Rolls-Royce, veri merkezleri için dünyanın en büyük üç acil durum jeneratör tedarikçisi arasında yer alıyor. Hem Rolls-Royce hem de Cellcentric, yakıt hücresi konusundaki iyileştirme çalışmalarını yürütmede rol oynarken, ticari yakıt hücresi uygulamalarının geniş bir kitleye yönelik piyasaya sunulması için teknolojik hazırlıklarını tamamlıyor. 

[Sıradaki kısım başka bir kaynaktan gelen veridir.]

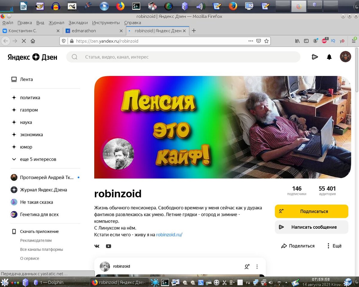 Не, ну сам-то канал основан был год и два месяца назад. Просто эти два месяцы я барахтался без выхода. Писал-снимал-публиковал и ничего мне за это не было. Это немножко печалило, но писать было интересно, тыркаться тоже. Пытался поучиться в разных школах по дзену, но всё это было типичное не то. Этому учиться не хотелось. Платить тем более. Когда-то мой канал выглядел вот так, даже в чём-то симпатишно. На нём можно было повесить картинку, которую я сваял в Гимпе и, в общем, было понятнее что это за канал и кто на нём вошкается. Сейчас, увы, всё. Картинки выключены. Даже скопировать не удалось.

Her bir yakıt hücresi 150 kW’lık modül halinde uygulanacak ve tek bir tanesi yaklaşık on eve güç sağlamak için yeterli bir net güç çıkışı sağlayacak. Birbirleri ile paralel çalışabilen modüller bu sayede büyük veri merkezleri için temiz yedek güç sağlayabilen megawatt aralığında çıkışlara sahip ölçeklenebilir yakıt hücresi tesislerine bağlanabilecek. Rolls-Royce bu yılın başında bir yakıt hücresini demo merkezinde devreye aldı. 2022'de ise bir başka modülü daha devreye almayı planlıyor. İlk pilot tesisler 2023'te kurulacak ve Rolls-Royce, 2025'te standart üretim yakıt hücresi sistemlerini piyasaya sunacak. Yakıt hücresi modülü Glasgow, İskoçya'daki COP26'daki Rolls-Royce standında sergilendi. 

Telekomünikasyon ve internet trafiğini yöneten büyük veri merkezlerinin işletmecilerini kilit müşteri grubu olarak kabul eden Rolls-Royce, bu merkezlerin fosil yakıtlardan üretilen elektrik kullanımını bırakmalarını mümkün kılarak, CO2 emisyonlarını önemli ölçüde azaltmalarını sağlama konusunda çalışmalarını sürdürüyor. Rolls-Royce Power Systems CEO’su Andreas Schell konuyla ilgili olarak şunları söyledi: “Yakıt hücrelerine dayalı elektrik jeneratörleri, hem bizim hem de müşterilerimiz için enerji geçişinde bir sonraki adımı temsil ediyor. Bu nedenle, önümüzdeki birkaç yıl içinde Ar-Ge çalışmalarımıza 100 milyon Euro’nun üzerinde bir yatırım yapmayı planlıyoruz. Bu sayede emisyonsuz ve iklim dostu olma tahattümüzü yerine getirerek, hükümetleri ve politikacıları da bu konuya  destek vermeye teşvik edeceğimizi umuyoruz.  Yakıt hücrelerinin çalışması için gerekli olan hidrojenin yenilenebilir kaynaklara dayalı halde üretilmesi durumunda komple sistem emisyonsuz ve iklime etkisiz hale geliyor. Dolayısıyla yeşil hidrojen üretimi konusu da çalışmalarımız arasında yerini alıyor. 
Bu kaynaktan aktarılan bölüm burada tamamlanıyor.